Nasıl dolduğunu seyrederken aklına başka bir şey geldi. "Hay Allah, köpeği bağlamayı unuttum, sakın eti tavadan çalmasın! Yani bir o eksikti!" diyerek merdivenlerden yukarı koştu. Ama hayvan eti alıp götürmüştü.
Katherlieschen boş durur mu? Onun peşine takılarak tarlaya kadar kovaladı, ancak köpek ondan daha hızlıydı. Eti ağzından bırakmadı, sonra da onu toprağa gömdü. "Olan oldu" diye söylenen Katherlieschen koşmaktan yorulmuştu; biraz serinlemek için dinlendi. Bu sırada fıçıdan akan bira, kabı doldurmuş ve sonra da fıçı boşalana kadar kilere akmıştı.

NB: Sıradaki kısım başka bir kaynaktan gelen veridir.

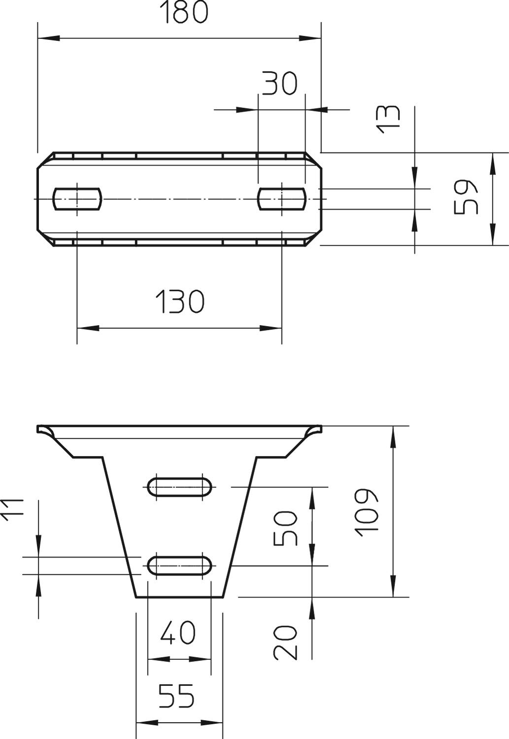 Angle range, max. 30 mm CO2 Footprint (GWP) Cradle-to-Gate 2,79 kg CO2e / 1 Piece Colour zinc Dimension 180x59x109 Height 109 mm Length 180 mm Maintain electrical functions no Material Steel Rustproof steel, pickled no Suitable for ceiling fastening yes Suitable for panel fastening no Suitable for profile shapes U profile Surface Hot-dip galvanised Version for Screw head plate Width 59 mm - All types

Katherlieschen daha merdiven başındayken gördü bunu. "Eyvah!" dedi, "Ne yapsam da Frieder fark etmese!"
Bir süre düşündü, derken aklına çatı katında son kermesten kalma bir çuval un olduğu geldi; onu alıp biranın üzerine serpebilirdi. "Sakla samanı, gelir zamanı derler ya" diye kendi kendine konuştu. Sonra çuvalı aşağıya indirerek unu her tarafa serpti. İşini bitirdiğinde de marifet yapmış gibi çok sevindi. "Kiler tertemiz oldu!" diye düşündü.

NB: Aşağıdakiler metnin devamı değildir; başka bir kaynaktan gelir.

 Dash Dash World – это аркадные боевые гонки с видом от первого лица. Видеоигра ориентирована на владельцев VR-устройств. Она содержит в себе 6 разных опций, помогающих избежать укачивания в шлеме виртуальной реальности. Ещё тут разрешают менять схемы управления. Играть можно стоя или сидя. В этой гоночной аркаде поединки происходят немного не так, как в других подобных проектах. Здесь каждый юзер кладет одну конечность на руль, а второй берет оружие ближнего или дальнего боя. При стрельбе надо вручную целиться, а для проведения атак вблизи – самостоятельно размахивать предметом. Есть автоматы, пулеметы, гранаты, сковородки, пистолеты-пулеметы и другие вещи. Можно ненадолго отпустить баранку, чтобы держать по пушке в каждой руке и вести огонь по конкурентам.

Öğle vakti Frieder eve döndü ve "Ee hanım, neler yaptın bakalım?" diye sordu.
"Ah Frieder'ciğim" diye cevap verdi, "Sana et kızartacaktım ya, yanı sıra gidip bira alayım derken köpek eti kaptı, onun peşine düşeyim derken bira taştı. Birayı unla kurutayım derken testiyi devirdim, ama merak etme kiler yine kupkuru."

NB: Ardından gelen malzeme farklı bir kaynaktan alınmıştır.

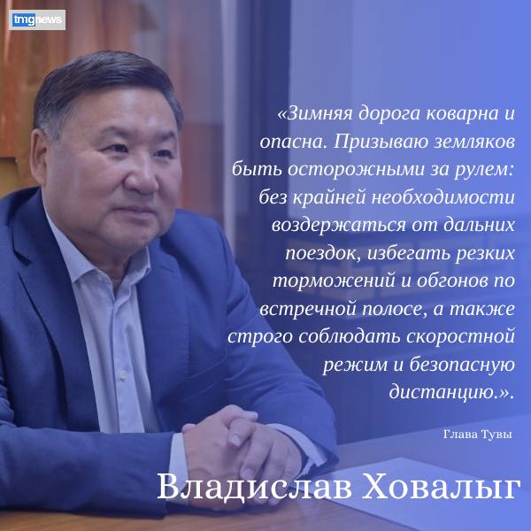 «В Туве зима уже вступает в свои права.Тувинский Центр по гидрометеорологии и мониторингу окружающей среды предостерегает нас, что еще ожидаются туман, гололедица на дорогах, снежные заносы, в горах местами усиление северо-западного ветра до 15-17 м/с, метель, а ночью в некоторых местах будет сильный снег. В горных районах республики лавиноопасно. Зимняя дорога коварна и опасна. Призываю земляков быть осторожными за рулем: без крайней необходимости воздержаться от дальних поездок, избегать резких торможений и обгонов по встречной полосе, а также строго соблюдать скоростной режим и безопасную дистанцию», - отметил Глава республики.

"Katherlieschen, Katherlieschen, bunu yapmamalıydın! Eti kaptırdın, fıçıdaki birayı akıttın, en güzel unumuzu da üzerine döktün!" dedi Frieder.
"Ama Frieder'ciğim, böyle olacağını bilmiyordum, keşke bana söyleseydin!" dedi.
Adam şöyle düşündü: "Karın böyle işte, her şeyi ona göre hesap et!"
Bir gün çok para kazandı ve onu altına çevirdi. "Bak bunları gördün mü? Sarı, çil çil. Hepsini şu kaba koyup ahırdaki yemliğin altını kazıp oraya saklayacağım. Ama sen sakın oraya gitme, yoksa karışmam haa!" dedi karısına.
"Hayır Frieder'ciğim, kesinlikle gitmem!"
Frieder evden ayrıldıktan sonra köye hırdavatçılar geldi, topraktan yapılma çanak çömlek satıyorlardı. Genç kadınla pazarlığa oturdular.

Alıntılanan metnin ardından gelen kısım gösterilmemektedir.